### WHAT IS REQUIRED
Line tally for the word "several": count the lines below that contain it and reply with the number alone.

### Stored entries
_ _ _ _

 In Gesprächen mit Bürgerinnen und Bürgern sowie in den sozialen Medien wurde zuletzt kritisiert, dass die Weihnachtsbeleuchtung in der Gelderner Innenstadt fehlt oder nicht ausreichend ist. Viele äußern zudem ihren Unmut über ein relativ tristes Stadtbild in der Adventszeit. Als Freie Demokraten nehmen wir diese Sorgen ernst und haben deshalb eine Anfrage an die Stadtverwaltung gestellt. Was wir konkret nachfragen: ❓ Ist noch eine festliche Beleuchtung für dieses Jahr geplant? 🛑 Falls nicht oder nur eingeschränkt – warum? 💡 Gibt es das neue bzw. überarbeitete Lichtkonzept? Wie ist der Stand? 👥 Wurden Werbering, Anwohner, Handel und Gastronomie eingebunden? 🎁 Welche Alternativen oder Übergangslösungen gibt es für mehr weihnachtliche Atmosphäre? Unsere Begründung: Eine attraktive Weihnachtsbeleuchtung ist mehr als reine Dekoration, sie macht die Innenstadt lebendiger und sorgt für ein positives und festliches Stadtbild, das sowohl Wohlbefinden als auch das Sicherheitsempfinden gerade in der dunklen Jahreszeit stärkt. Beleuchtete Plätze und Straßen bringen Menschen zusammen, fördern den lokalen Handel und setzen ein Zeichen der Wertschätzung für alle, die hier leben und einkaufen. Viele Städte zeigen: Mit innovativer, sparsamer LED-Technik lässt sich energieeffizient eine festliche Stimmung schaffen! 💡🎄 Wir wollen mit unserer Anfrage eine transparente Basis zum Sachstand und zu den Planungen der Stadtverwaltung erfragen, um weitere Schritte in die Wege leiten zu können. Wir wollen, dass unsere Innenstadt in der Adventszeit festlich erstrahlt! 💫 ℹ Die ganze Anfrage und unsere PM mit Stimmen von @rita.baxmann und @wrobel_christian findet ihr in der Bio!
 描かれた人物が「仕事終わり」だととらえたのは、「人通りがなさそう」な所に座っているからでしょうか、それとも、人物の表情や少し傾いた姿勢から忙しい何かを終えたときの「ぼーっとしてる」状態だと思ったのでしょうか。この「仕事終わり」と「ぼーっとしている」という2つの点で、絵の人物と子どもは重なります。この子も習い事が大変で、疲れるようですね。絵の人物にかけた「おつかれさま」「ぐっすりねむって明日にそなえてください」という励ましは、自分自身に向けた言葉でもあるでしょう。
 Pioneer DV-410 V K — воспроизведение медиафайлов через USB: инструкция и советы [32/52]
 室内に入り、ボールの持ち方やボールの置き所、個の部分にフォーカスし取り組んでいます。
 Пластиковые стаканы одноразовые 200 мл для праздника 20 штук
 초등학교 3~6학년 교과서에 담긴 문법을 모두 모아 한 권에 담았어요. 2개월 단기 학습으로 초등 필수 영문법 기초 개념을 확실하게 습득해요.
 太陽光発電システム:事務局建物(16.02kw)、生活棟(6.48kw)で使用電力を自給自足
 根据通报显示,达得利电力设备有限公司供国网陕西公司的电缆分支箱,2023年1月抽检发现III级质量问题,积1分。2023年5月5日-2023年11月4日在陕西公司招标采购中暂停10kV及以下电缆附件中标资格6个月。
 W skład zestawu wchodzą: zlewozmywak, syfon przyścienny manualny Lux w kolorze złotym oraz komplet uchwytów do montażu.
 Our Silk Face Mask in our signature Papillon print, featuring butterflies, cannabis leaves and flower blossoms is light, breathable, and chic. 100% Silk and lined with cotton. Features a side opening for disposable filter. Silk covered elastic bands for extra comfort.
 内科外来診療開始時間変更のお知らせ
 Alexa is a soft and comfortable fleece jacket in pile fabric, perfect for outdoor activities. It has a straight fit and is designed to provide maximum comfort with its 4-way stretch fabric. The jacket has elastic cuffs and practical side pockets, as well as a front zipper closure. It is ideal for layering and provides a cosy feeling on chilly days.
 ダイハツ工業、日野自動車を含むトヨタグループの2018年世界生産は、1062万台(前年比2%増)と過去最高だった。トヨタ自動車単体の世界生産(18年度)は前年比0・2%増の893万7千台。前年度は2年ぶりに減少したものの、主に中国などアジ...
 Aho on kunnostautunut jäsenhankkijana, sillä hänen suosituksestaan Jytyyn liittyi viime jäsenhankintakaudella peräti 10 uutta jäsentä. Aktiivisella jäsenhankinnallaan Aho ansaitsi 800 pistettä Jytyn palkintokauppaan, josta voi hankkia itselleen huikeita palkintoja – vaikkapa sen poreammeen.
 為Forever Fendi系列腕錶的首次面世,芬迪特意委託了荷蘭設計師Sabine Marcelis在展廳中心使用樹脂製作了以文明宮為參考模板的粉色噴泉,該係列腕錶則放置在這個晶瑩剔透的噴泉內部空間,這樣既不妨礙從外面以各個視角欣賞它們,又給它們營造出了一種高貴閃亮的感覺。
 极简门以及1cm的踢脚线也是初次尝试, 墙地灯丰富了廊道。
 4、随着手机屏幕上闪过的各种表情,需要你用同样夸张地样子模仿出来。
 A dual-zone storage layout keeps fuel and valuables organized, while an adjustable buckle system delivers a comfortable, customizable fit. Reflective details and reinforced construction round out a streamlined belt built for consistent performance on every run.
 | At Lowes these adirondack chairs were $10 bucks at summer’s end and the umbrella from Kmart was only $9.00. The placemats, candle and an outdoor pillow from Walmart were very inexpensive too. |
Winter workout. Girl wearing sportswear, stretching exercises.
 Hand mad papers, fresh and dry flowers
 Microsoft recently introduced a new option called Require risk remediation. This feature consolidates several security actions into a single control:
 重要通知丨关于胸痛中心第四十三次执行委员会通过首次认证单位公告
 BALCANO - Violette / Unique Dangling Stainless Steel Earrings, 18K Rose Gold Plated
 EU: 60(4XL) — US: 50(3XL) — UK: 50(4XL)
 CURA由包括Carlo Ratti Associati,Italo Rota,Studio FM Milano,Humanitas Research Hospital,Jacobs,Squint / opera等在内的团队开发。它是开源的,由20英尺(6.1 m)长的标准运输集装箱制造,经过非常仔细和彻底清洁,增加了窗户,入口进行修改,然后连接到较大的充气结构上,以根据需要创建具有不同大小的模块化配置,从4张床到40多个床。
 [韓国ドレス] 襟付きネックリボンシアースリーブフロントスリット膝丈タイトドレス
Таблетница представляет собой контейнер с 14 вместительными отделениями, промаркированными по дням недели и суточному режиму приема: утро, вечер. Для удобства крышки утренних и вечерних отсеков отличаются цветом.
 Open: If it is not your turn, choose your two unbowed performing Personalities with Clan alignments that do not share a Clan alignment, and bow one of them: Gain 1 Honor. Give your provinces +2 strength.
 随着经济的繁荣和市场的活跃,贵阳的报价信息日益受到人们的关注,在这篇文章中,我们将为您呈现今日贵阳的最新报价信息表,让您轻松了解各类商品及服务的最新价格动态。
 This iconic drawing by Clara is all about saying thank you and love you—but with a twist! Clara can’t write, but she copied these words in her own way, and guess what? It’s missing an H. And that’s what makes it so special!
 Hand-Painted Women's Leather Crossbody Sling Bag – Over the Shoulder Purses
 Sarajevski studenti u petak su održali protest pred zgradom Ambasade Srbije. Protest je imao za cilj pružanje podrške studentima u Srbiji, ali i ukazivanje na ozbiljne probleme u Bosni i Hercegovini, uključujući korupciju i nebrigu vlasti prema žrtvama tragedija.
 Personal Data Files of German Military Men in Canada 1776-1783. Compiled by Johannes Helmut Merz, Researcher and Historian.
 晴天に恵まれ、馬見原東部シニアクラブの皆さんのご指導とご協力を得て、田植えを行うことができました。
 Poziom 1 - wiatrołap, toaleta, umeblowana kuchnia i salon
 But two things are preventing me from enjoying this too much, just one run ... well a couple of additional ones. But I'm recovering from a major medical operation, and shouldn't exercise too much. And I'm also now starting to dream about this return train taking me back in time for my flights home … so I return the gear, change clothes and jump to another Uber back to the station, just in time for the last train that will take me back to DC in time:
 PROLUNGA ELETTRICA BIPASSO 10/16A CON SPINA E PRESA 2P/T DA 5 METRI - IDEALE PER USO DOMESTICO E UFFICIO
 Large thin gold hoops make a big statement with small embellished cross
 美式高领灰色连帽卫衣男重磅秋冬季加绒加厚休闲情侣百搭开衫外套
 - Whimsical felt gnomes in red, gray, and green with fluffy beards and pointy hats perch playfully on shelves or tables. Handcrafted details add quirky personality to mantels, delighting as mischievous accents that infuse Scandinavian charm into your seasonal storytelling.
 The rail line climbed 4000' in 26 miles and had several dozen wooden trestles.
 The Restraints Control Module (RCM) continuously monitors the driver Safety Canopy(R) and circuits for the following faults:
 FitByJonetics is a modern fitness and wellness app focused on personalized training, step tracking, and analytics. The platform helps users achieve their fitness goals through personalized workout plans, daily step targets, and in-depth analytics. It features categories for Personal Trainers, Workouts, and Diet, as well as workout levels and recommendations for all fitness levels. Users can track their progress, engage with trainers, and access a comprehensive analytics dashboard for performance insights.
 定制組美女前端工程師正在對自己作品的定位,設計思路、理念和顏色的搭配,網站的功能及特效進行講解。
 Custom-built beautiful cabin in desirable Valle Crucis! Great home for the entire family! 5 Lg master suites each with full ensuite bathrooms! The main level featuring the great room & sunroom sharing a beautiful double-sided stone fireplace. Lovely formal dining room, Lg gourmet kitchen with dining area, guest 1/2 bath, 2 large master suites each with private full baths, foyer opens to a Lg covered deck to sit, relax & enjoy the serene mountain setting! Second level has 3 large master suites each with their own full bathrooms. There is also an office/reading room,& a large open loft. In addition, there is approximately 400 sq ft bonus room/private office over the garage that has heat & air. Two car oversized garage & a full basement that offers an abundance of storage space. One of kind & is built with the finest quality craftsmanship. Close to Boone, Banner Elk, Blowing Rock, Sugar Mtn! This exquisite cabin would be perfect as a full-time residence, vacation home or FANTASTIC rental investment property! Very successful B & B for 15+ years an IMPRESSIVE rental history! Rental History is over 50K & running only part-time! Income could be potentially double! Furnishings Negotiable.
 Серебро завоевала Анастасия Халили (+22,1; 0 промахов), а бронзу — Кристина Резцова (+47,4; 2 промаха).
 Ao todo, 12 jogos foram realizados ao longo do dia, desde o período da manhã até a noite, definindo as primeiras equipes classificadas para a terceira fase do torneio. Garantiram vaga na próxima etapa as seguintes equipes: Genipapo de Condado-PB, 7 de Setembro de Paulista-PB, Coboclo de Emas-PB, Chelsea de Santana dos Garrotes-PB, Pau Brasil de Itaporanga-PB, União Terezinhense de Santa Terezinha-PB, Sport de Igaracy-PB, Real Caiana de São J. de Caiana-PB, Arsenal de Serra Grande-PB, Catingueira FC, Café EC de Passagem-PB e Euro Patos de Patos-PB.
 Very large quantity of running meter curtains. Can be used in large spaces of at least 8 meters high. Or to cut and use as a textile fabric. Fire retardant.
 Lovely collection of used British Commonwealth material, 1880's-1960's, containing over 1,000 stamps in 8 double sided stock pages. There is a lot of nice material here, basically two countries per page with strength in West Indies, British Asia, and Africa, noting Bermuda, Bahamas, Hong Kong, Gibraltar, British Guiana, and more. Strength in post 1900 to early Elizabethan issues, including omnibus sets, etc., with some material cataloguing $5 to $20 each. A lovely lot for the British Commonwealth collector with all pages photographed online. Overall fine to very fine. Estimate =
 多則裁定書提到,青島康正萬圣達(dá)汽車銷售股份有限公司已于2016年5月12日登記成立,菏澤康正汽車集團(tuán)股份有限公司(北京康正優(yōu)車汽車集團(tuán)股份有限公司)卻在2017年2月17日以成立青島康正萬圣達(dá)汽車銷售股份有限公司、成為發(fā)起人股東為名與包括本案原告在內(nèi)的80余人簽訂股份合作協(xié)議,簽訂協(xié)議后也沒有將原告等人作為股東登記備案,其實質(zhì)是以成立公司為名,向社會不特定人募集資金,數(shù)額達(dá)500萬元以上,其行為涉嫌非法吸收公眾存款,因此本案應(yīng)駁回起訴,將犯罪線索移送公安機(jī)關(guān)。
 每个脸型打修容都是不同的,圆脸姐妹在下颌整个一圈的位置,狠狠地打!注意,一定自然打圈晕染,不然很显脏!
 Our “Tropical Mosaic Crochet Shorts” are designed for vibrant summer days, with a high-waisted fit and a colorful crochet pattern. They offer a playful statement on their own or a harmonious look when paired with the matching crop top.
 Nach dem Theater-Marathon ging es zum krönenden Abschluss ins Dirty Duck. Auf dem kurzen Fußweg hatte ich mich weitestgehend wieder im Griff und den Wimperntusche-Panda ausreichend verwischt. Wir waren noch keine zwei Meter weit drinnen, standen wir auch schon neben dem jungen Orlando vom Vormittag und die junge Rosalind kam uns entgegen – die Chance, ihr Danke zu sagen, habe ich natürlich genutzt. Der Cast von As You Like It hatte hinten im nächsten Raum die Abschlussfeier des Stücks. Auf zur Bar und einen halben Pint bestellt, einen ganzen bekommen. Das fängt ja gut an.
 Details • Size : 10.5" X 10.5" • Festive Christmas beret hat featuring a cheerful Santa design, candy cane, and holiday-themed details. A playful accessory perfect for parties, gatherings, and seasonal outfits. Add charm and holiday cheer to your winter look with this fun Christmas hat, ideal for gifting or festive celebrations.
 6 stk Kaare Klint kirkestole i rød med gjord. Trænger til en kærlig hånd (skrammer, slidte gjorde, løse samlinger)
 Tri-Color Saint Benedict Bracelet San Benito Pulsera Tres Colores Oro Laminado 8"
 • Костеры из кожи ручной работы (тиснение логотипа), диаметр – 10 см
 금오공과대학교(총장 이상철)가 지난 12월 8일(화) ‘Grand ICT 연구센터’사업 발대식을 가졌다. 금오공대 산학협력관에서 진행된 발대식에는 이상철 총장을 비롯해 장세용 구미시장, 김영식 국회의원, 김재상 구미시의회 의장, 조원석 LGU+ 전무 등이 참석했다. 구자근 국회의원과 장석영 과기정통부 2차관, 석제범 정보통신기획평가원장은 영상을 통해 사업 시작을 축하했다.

_ _ _ _

### RESPONSE TO THIS EXERCISE
2